December 24 2012          
Thirty-seven years ago on Christmas Eve, I took my tiny toddler of a daughter to a frosty field in upstate New York. There, under the night sky, with a borrowed hacksaw, I felled a tiny Christmas tree while the 2 of us wept.

Those were our welfare days, a food stamp Christmas, the tree, free, because we were the last customers of the season. While my daughter slept I stayed up to decorate the tree. I may have been poor but I was creative; as the saying goes: “necessity is the mother of invention.” And so it was that for weeks, every time I had made us scrambled eggs for our dinner I had pierced each egg at both ends and blown out the eggs, leaving the shells intact. With a bit of glue and glitter I decorated some 20 eggshells with the names of those we loved and hung them on our humble tree.

It’s that time of year, isn’t it, when nostalgia weaves around us like a ribbon of mist, wrapping us in memories, some dear, and some not so much…the hopes and fears of all the years….

This year I have been preparing for Christmas with great pleasure. Have wrapped each present as soon as it was bought or made, have hung the wreath, invented this year’s tree... 
   Maggie's Photo
...made the butternut squash soup and thimble cookies and, as I write, Joel is in the kitchen preparing the Provençal fish stew for tomorrow’s dinner. There will be 12 of us, each of us well blessed. And mingled with the gratitude I feel, is the sadness and the tears that visit everyday as thoughts arise of those slaughtered children and poor parents and all those still homeless from the hurricane. It must be a burden to be named Sandy right now.

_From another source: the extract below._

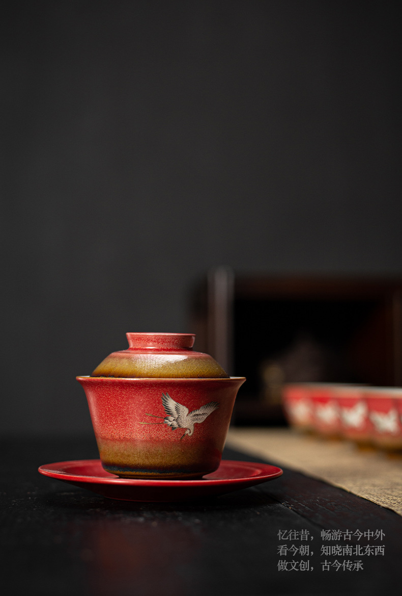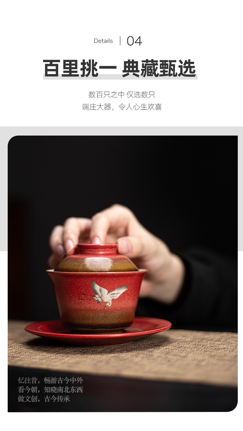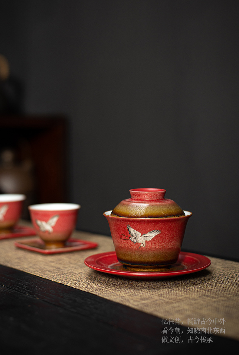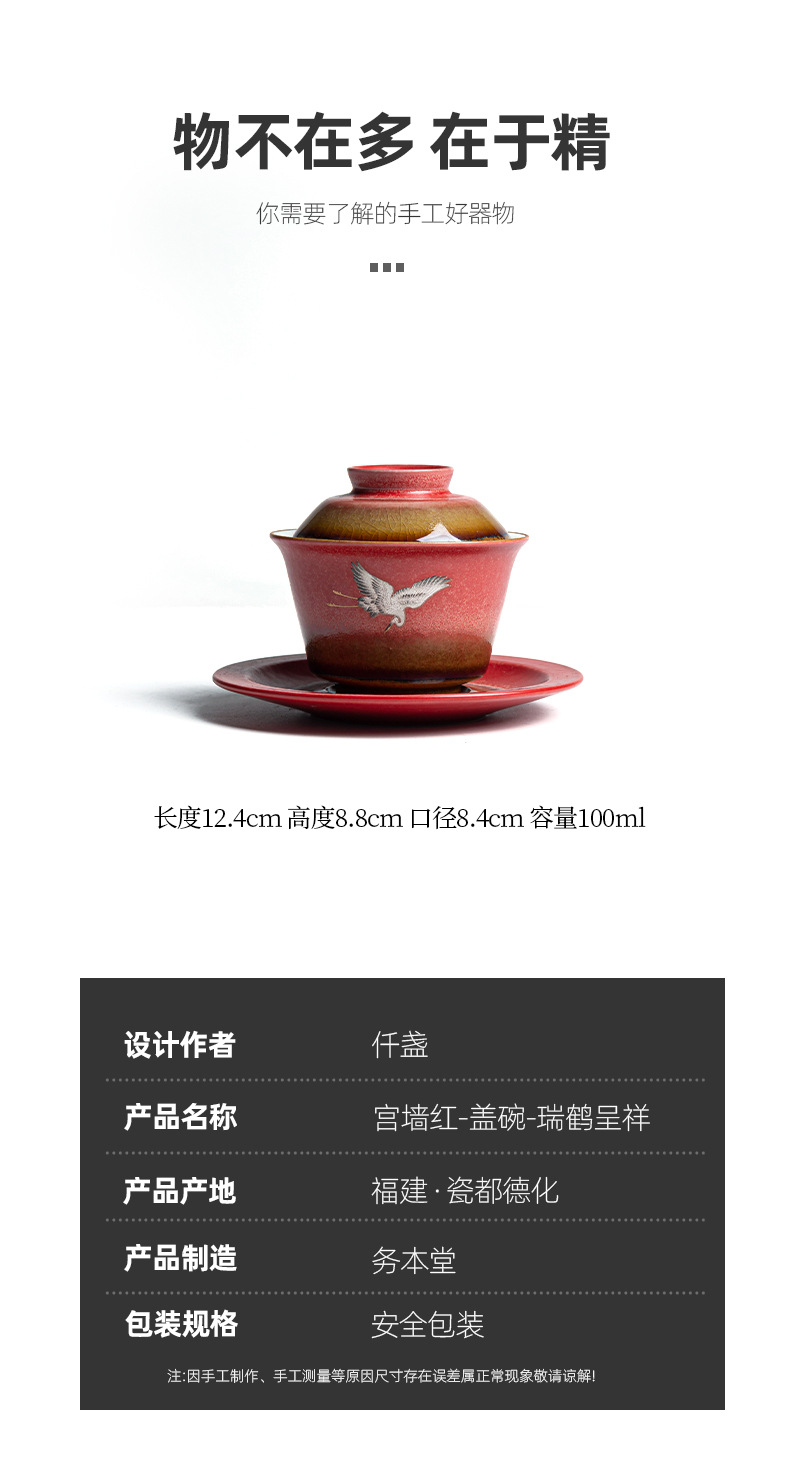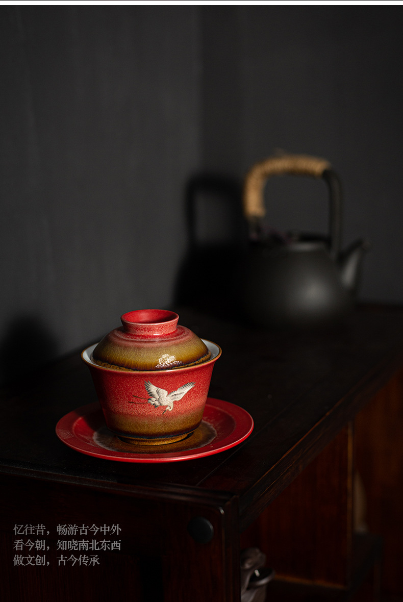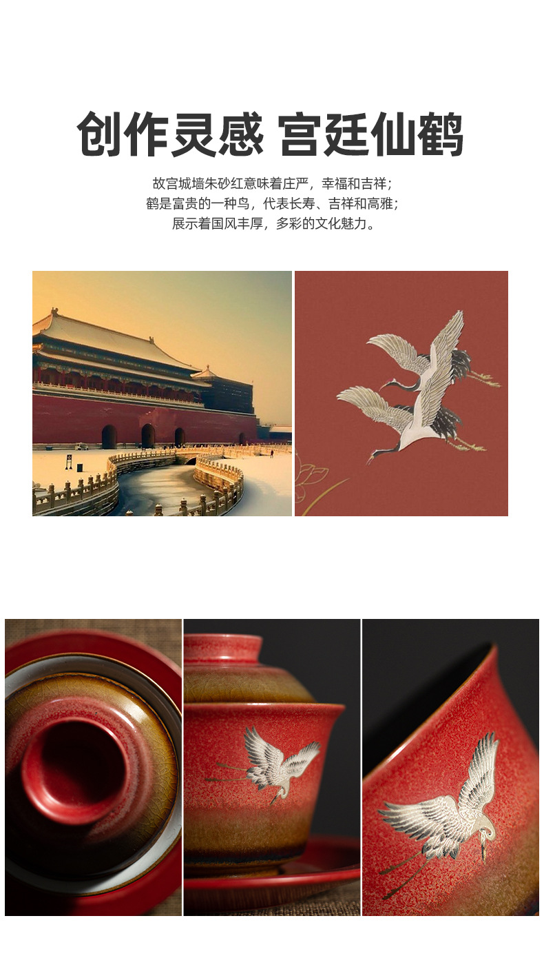 宫墙红瑞鹤呈祥盖碗茶杯三才功夫泡茶碗单带盖家用陶瓷不烫手茶具

I don’t know how to reconcile all these feelings, nor, I think, is it necessary to. Time is not as linear as we insist it be. Every moment is in every moment.

This morning, as I came into the kitchen I smelled my father’s cigar. He allowed himself one a year, always on Christmas Day, his gift to himself. Although he’s been gone 42 years and it was 5 years before that that I last saw him, I can see him right now, sitting in his armchair by the fire, puffing on that cigar while the chestnuts roast.

I don’t know how they did it, but my parents managed every Christmas Day to be the people they were incapable of being the rest of the year. They seemed able, for that one day, to muster the kind of love and generosity and humor that was nowhere to be seen the other 364. Mother baking fruitcake and mince pies, Dad in charge of the goose and ham. The house and tree magically decorated on Christmas Eve while my brother and I slept. The presents at the end of our beds, Santa’s sooty fingerprints on the envelope that had held our wish lists. My brother and I devouring chocolates, the Queen’s speech, the paper crowns and the radio rich with festive music and then, my favorite moment, when the card table was erected in front of the fire and the 4 of use would play a game called Happy Families. For one day every year, that’s what we were, a happy family.

There have been many families since then …that’s what you get for having married 5 times! Not many of those families were happy. The demand for perfection that Christmas brings is such a set-up for disappointment and yet we try, millions of us, year after year, to be a happy family for just one day. But happiness can’t be bought or baked on demand. We would be better off spreading our effort at it throughout the year. A little more kindness to those we tend to ignore, to those we hold resentment against, to those whom we have failed.

I was in a shop with my daughter last week and an item reminded me of her father…husband #2. Suddenly I was right back there 40 odd years ago as we gave each other precious nicknames and pledged each other eternal love. We went on to fail each other miserably and as a consequence caused pain to the daughter we loved so much.

I bought the item and sent it to him; a way of saying that those good moments we shared were not only as real as all the painful ones, but in fact are the ones that remain most treasured after all these years. This morning I received a card from him saying it was good to have warm memories of our past.

And so it goes: Christmas Past, Christmas Present.

To all of you, dear readers, dear friends, dear family, I wish you moments of joy, of remembrance, of kindness. And may we all practice peace and healing in 2013.